B.U. 7, Harvard 1. The margin of defeat was nothing compared to the three last-minute brawls which punctuated it. I sat there, watching guys I knew squaring off at the blue line, listening to the bitter chants of "Harvard Sucks" ring the Garden rafters, wondering how all of this could be guised in Beanpot garb.
B.U.'s All-American defenseman, Jack O'Callahan, tried to explain the melee a year later. "Harvard was embarrassed. We were beating them pretty badly. If you can't win the game, win the fights, I guess" O'Callahan said.
Never had frustration such poetic license.

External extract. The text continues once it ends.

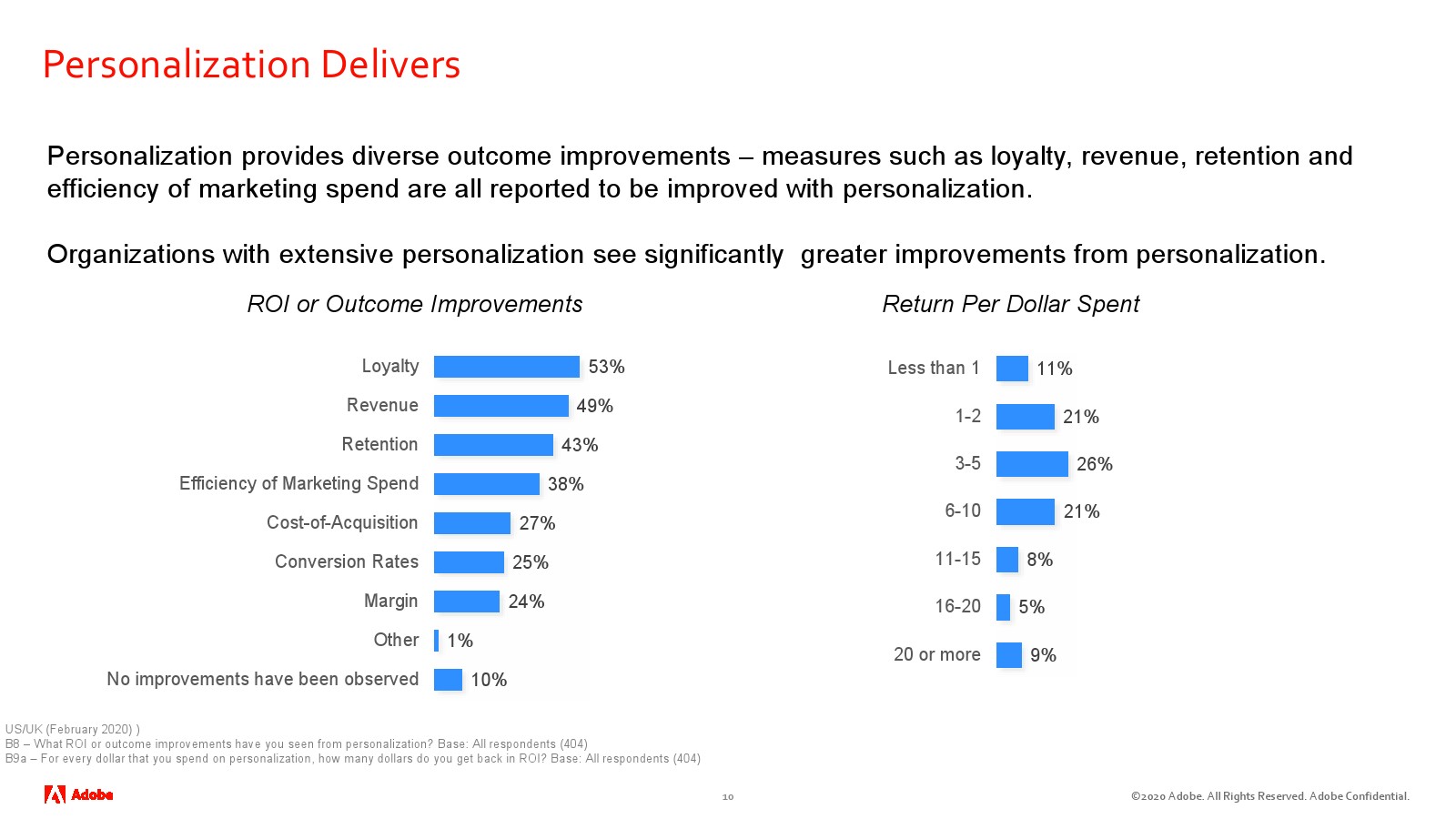 个性化对获得客户的成本(27%)、转化率(25%)和利润率(24%)的影响较小。但是,只有1/10的受访者完全没有从个性化中获益。9%的受访者表示投资回报率达到或超过20倍。

February, 1979: Resolution-- One of the biggest self-criticisms of my sportswriting is that often times I have difficulty writing an appropriate story when my team loses.
Beanpot '79, my last as an undergraduate, was a difficult chauvanistic pill to swallow. Harvard, on its way to an 8-17-1 season, lost both games and finished last in the tourney for the first time in 12 seasons. Indeed there was nothing appropriate to say.
I stuck around for the B.C.-B.U. final, ironically the most exciting, most Beanpot-type game of the past four years. The Terriers took the final, 4-3, and Darryl MacLeod, on most days a third-rate forward for B.U., won the Most Valuable Player award.
Four years. Four different finishes. I'd run the gamut of achievement and emotion in front of a packed Garden house each February. My term was up. It was time to load up the station wagon and tell Mom she was right.
Bill Scheft '79 was Associate Sports Editor of The Crimson. He now writes sports for the Albany Times-Union.